The ponds of Tamiami Trail

Dad always beat the sun up, even on weekends when he didn't have to hustle down to the factory, the office, that mysterious place where he spent the day while you went to school or day care or maybe stayed home with Mom. Even on weekends he was up early, to fix the car or take the dog to the vet or mow the lawn. Except on certain days, a Saturday usually. Then Dad would shake you awake an hour before dawn, eggs and home fries and (for him at least) coffee already prepared: "Eat up, boy, and let's get going." Sound a bit sexist or old-fashioned? If you have young children, rest assured this experience, regardless of specifics, will live in memory for at least 40 years. A simple cane pole with six-pound-test line, a bobber, and a tiny hook, the last baited with little pieces of balled-up bread, works just fine. About five miles past Krome, on the north side of the Tamiami Trail, is a sufficient pond, marked by cement picnic tables. But go a few more miles and, on the south, you'll begin to notice pond after pond, some nearly dry but others flourishing with water plants, turtles, snakes, and plenty of fish. The ponds aren't as lively as they were four decades ago, but that's hardly the point here. Select one with plenty of water and as little foliage as possible.
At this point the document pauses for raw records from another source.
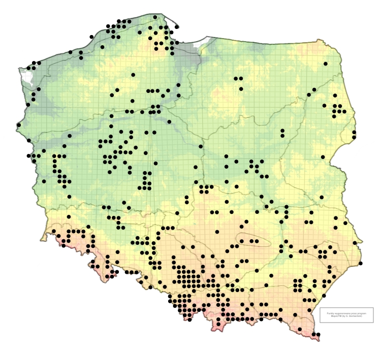 Balice (DA14, Gierlasiński et al. 2020a), Czatkowice (DA05, Lis J.A. 1990a), Czerna (DA05, Stobiecki 1886), Dębnik, II (DA05, Gierlasiński et al. 2021a), Kraków, Bagry (DA24, Gierlasiński et al. 2022a), Kraków, Bielany (DA14, Stobiecki 1886, Smreczyński 1906b), Kraków, Błonia (DA24, Stobiecki 1886), Kraków, Bronowice (DA14, Gierlasiński et al. 2020a), Kraków, Nowa Wieś (DA24, Smreczyński 1906b), Kraków, Panieńskie Skały (DA14, Stobiecki 1886, Smreczyński 1906b), Kraków, Przegorzały (DA14, Stobiecki 1886), Kraków, Rżąka (DA23, Smreczyński 1906b), Kraków, Sikornik, I (DA14, Stobiecki 1886), Kraków, Zakrzówek (DA24, Gierlasiński et al. 2022a), Kraków (DA24, Nowicki 1868, Stobiecki 1886), Krzeszowice (DA05, Stobiecki 1886), Lipna Wola (DA36, Gierlasiński et al. 2023), Ogrodzieniec, I (CA98, Gierlasiński et al. 2019b), Ojcowski PN, Dolina Sąspowska (DA16, Chłond et Gorczyca 2009), Ojcowski PN, Ojców (DA16, Lis J.A. 1990a, Chłond et Gorczyca 2009), Ojcowski PN, Okopy (DA16, Chłond et Gorczyca 2009), Ojcowski PN, Pieskowa Skała (DA16, Chłond et Gorczyca 2009), Ojcowski PN, Polana Goplana (DA16, Chłond et Gorczyca 2009), Ojcowski PN, Prądnik (DA16, Gierlasiński et al. 2020a), Ojcowski PN, Skała Jonaszówka (DA16, Chłond et Gorczyca 2009), Ojcowski PN, Skały Sucze (DA15, Chłond et Gorczyca 2009), Ojcowski PN, Wąwóz Pilny Dół (DA16, Chłond et Gorczyca 2009), Ojcowski PN, Wąwóz Smardzowicki (DA16, Chłond et Gorczyca 2009), Ojcowski PN (DA16, Klasa et al. 2010), Olsztyn, II (CB72, Lis B. et Lis J.A. 2009, Gierlasiński et al. 2025b), Przedmość, I (CB16, Noga et Lis B. 2015), Przedmość, II (CB26, Noga et Lis B. 2015), Pustynia Błędowska (CA97, Lis J.A. 1989b, Gierlasiński et al. 2020a), rez. Bonarka (DA24, Gierlasiński et al. 2020a), rez. Góra Zborów (CB90, Gierlasiński et al. 2020a, Gierlasiński et al. 2025b), rez. Kajasówka (DA04, Gierlasiński et al. 2020a), rez. Skołczanka (DA14, Gierlasiński et al. 2020a), Rudawa (DA05, Gierlasiński et al. 2023), Szczekociny (DB10, Gierlasiński et al. 2019b), Tenczynek (DA05, Smreczyński 1906b), Zabierzów (DA15, Stobiecki 1886, Smreczyński 1906b), Załęcze Wielkie (CB36, Gierlasiński et al. 2019b), Żelazko (CA98, Gierlasiński et al. 2023)
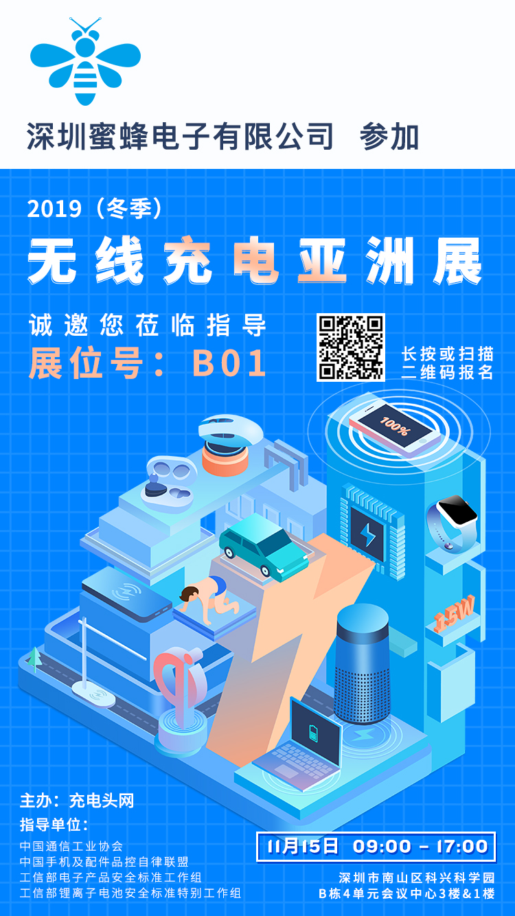 温馨提示:蜜蜂电子将参加11月15日中国深圳召开的2019(冬季)无线充电亚洲展,展位设在B01,需要了解高性价比无线充电方案的观众,可在展会当天前往展位详细交流。
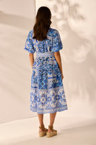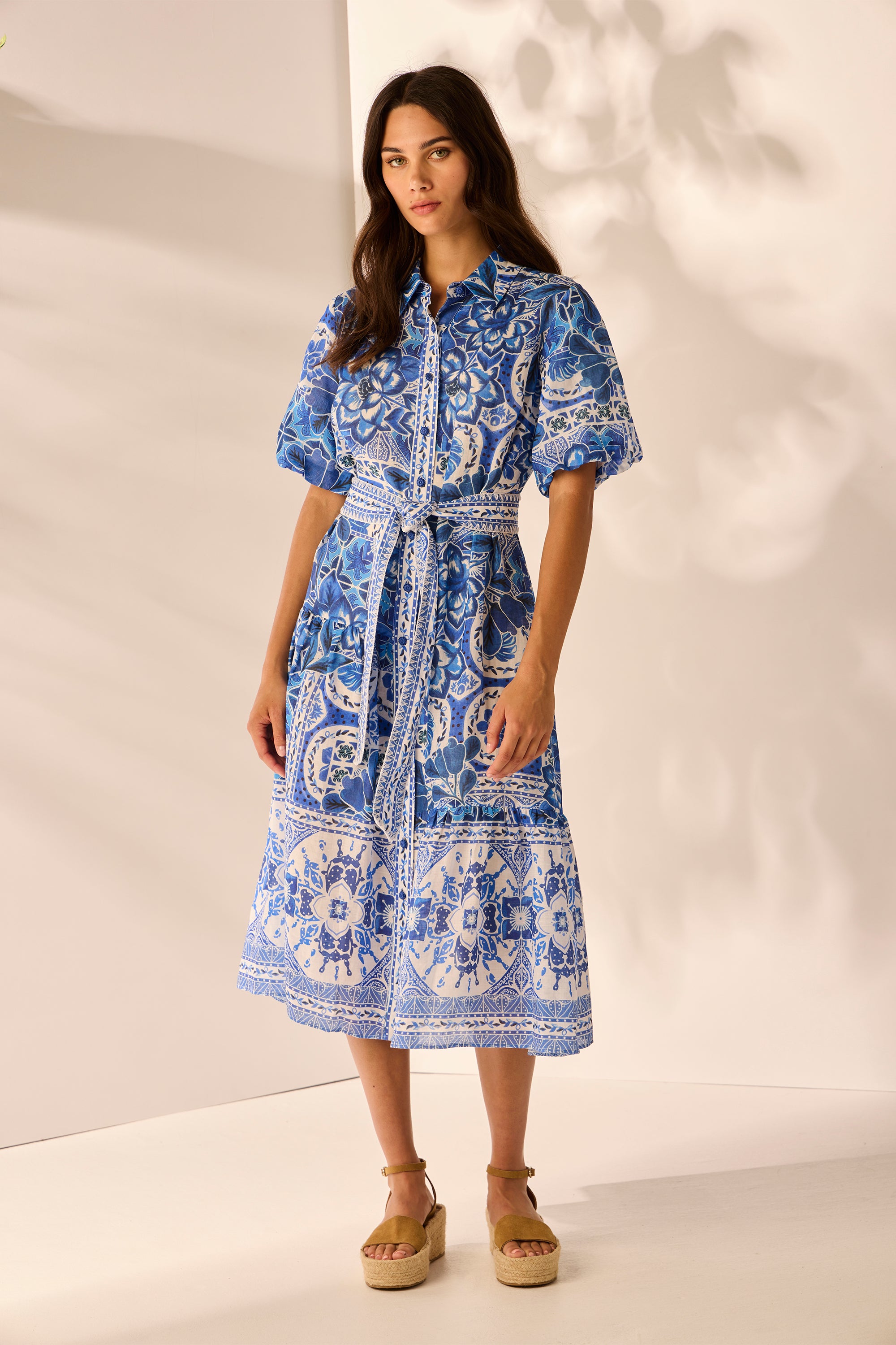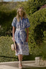 The Porto Dress is a perfect balance of elegance and artisanal charm, featuring a mid-calf length silhouette with a flowing high-low gathered hem. Thoughtful details like blanket stitch embroidery on the belt, a border print accent, and a centre-front placket with raffia buttons make this a standout piece for effortless styling.

You'll be alone because these are not the best fishing holes in the River of Grass. But the little ones should still be able to catch a bream or tilapia: the bobber twitching, then dropping fast, pull on the rod, drag in the fish. You'll never forget these mornings. Nor should you. This is when a five-year-old begins to realize that a parent is the most important teacher in life. And you can even eat the bream.